Similarly, for the last one, for any profinite group G acting on a finite set, the stabilizers of any point in the set are finite index which automatically implies that the action is continuous.

Am I missing some subtlety?

Posted by: Asvin G on July 8, 2023 7:31 PM | Permalink | Reply to this

### Profinite Group Actions

That is correct. There are finite index subgroups of profinite groups that are not open, i.e., there are profinite groups that do not equal their own profinite completion. However, by definition, the groups in Question 1 and Question 2 do equal their own profinite completion. Also, by the definition of the Krull topology on the absolute Galois group, every finite index subgroup is open.

Posted by: Jason Starr on July 9, 2023 11:33 AM | Permalink | Reply to this

### Re: Profinite Group Actions

There are uncountably many non-closed subgroups of index 2 in the absolute Galois group of the rationals. See chapter 7 of Milne’s “Field Theory” book:

https://www.jmilne.org/math/CourseNotes/ft.html

Posted by: Bruno S on July 9, 2023 6:45 PM | Permalink | Reply to this

### Re: Profinite Group Actions

Building on what Bruno S wrote, if we let $H$ be a dense index 2 subgroup of $Gal(\mathbb{Q}^{alg}/\mathbb{Q})$, then $H$ is normal and $Gal(\mathbb{Q}^{alg}/\mathbb{Q})/H$ is isomorphic to $S_2$, so $Gal(\mathbb{Q}^{alg}/\mathbb{Q})$ has a discontinuous action on a 2 element set. (The precise reference in Milne is Theorem 7.29.)

Posted by: David Speyer on July 10, 2023 2:34 AM | Permalink | Reply to this

### Re: Profinite Group Actions

Amateurs (such as myself) might be confused when someone says:

Also, by the definition of the Krull topology on the absolute Galois group, every finite index subgroup is open.

and someone else responds:

there are uncountably many non-closed subgroups of index 2 in the absolute Galois group of the rationals.

Since the first is talking about open subgroups and the second about closed subgroups, this reply may sound like a non sequitur.

But it’s not: a subgroup of a profinite group is open iff it is closed and has finite index!

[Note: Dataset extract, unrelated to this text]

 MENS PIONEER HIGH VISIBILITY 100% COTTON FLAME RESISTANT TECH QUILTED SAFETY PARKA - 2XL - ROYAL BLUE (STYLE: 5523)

So, if the Krull topology is a profinite topology (and it is), these non-closed subgroups of index 2 are also not open.

So I think the second commenter is actually contradicting the first.

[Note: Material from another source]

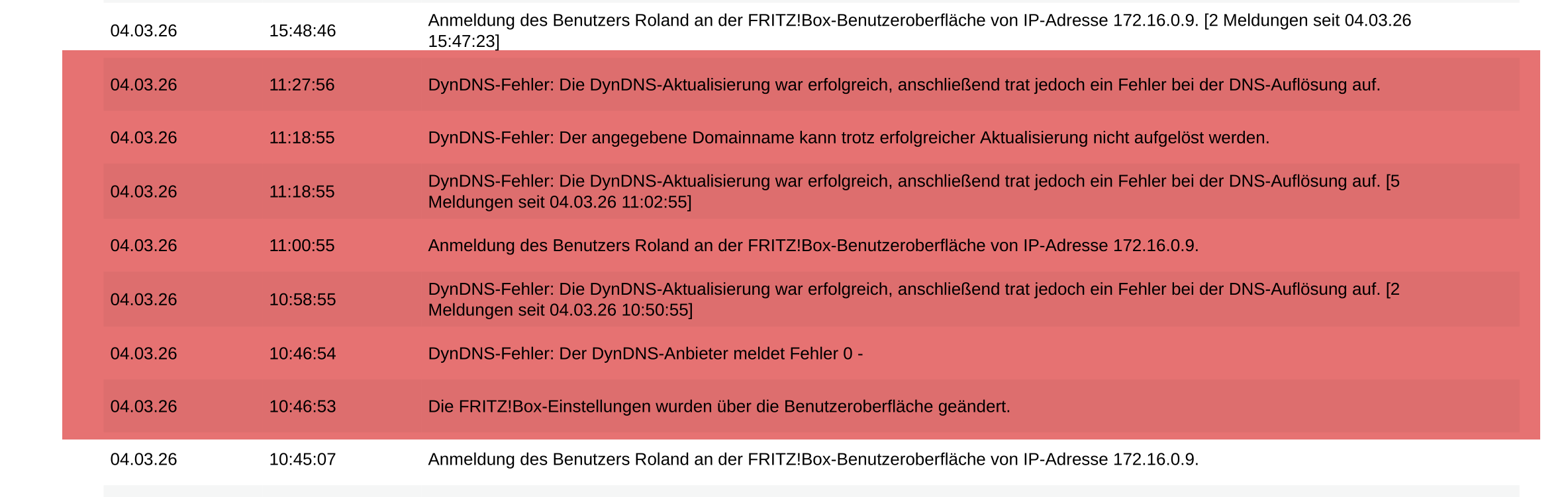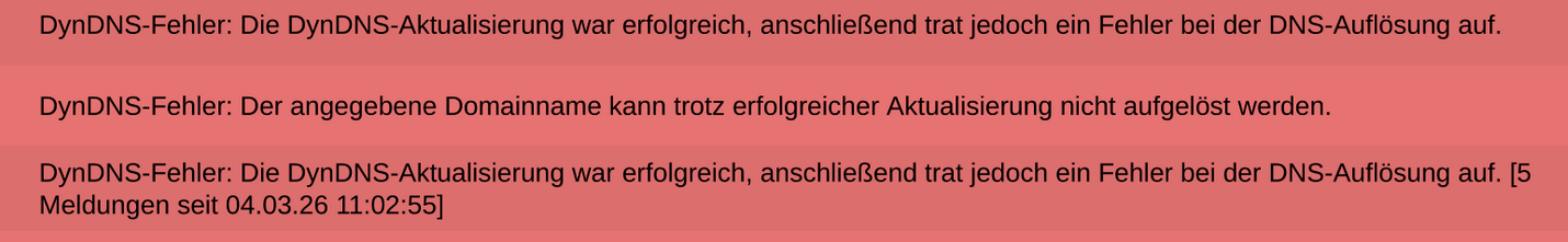 Da steht: Die DynDNS-Aktualisierung war erfolgreich, anschließend trat jedoch ein Fehler bei der DNS-Auflösung auf. zudem steht dort auch noch Der angegebene Domainname kann trotz erfogreicher Aktualisierung nicht aufgelöst werden

I feel like I’m watching a chess game without quite knowing all the rules. For other people in the same position, let me quote Infinite Galois theory by Haoran Liu:

By the theorem above, we have that the Galois groups with the Krull topology are Hausdorff, compact, and totally disconnected. These are actually very familiar properties. These are the properties of the profinite groups. In fact, by Theorem 3.9, we will have that the Galois groups with the Krull topology are profinite groups.

Posted by: John Baez on July 10, 2023 12:25 PM | Permalink | Reply to this

Yes, I was wrong! I was reading the definition of the Krull topology off a webpage (a stupid thing to do).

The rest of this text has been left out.